**What the exercise asks:**
Your output should be the lines below from the one holding "Heidschnucken, Silvestersee und" through the one holding "GW HRC65 2F", transcribed exactly, with no pictures.

** The input follows **

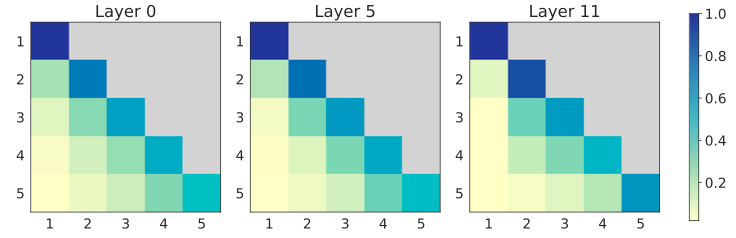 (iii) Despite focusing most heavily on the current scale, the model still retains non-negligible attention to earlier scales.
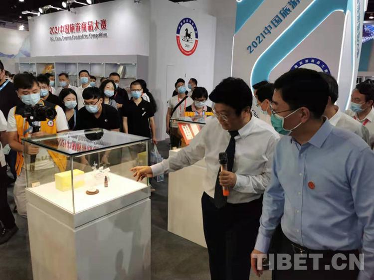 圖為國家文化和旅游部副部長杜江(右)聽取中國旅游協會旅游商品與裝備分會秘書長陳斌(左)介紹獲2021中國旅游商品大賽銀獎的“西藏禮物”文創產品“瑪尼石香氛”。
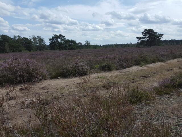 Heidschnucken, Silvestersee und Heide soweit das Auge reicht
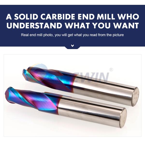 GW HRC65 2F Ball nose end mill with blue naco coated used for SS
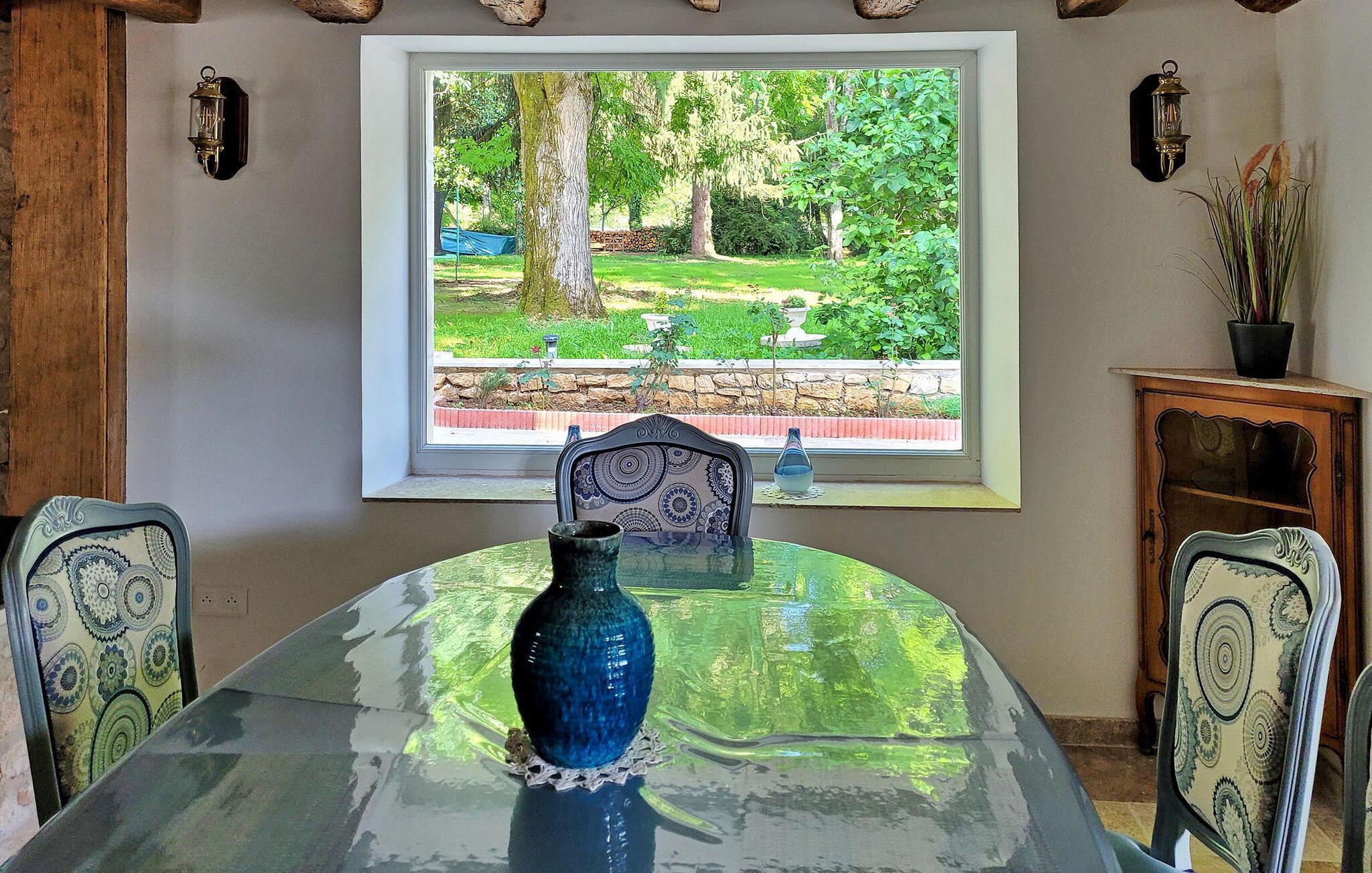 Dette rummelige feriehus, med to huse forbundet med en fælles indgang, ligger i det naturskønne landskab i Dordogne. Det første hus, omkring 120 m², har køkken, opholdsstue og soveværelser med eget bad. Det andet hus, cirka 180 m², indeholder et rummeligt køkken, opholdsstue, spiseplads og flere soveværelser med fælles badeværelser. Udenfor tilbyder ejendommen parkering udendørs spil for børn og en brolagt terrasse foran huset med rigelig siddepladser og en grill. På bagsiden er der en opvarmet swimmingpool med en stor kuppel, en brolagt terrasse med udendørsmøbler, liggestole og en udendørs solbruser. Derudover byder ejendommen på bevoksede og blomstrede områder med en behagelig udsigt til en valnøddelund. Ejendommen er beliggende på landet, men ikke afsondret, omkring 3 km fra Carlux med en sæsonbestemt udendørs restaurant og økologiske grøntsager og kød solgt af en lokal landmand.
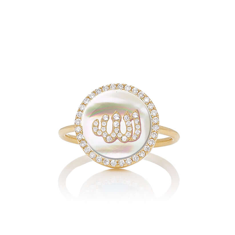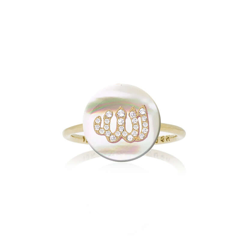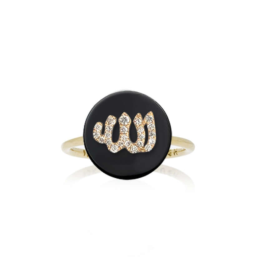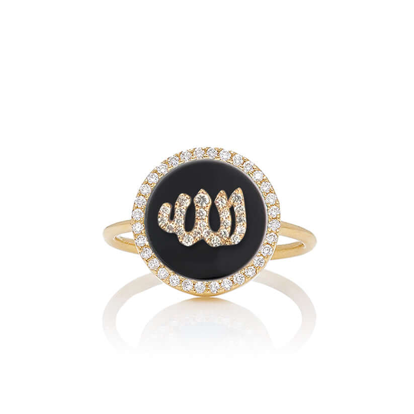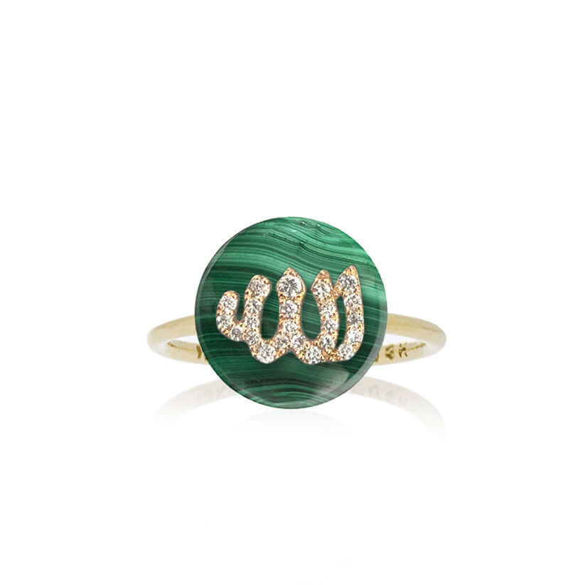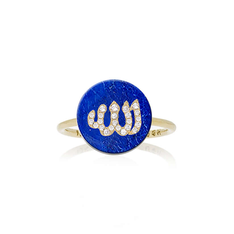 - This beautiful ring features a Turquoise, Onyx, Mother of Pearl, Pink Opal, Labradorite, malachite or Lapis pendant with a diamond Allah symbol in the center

** End of The input **
** The input follows **

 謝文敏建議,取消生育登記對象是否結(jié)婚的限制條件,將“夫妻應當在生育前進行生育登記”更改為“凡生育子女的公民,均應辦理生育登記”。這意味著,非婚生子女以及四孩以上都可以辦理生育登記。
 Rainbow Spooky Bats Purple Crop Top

** End of The input **
** The input follows **

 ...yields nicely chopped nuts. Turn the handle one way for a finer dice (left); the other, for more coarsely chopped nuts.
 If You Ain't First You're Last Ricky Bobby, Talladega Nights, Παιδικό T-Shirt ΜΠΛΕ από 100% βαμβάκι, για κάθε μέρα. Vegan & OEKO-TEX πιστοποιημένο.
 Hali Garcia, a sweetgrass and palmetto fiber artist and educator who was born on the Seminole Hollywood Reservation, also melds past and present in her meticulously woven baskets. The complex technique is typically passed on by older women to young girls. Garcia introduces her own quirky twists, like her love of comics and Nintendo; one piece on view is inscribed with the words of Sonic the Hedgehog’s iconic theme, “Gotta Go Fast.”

** End of The input **

**Answer:**
 Heidschnucken, Silvestersee und Heide soweit das Auge reicht
 GW HRC65 2F Ball nose end mill with blue naco coated used for SS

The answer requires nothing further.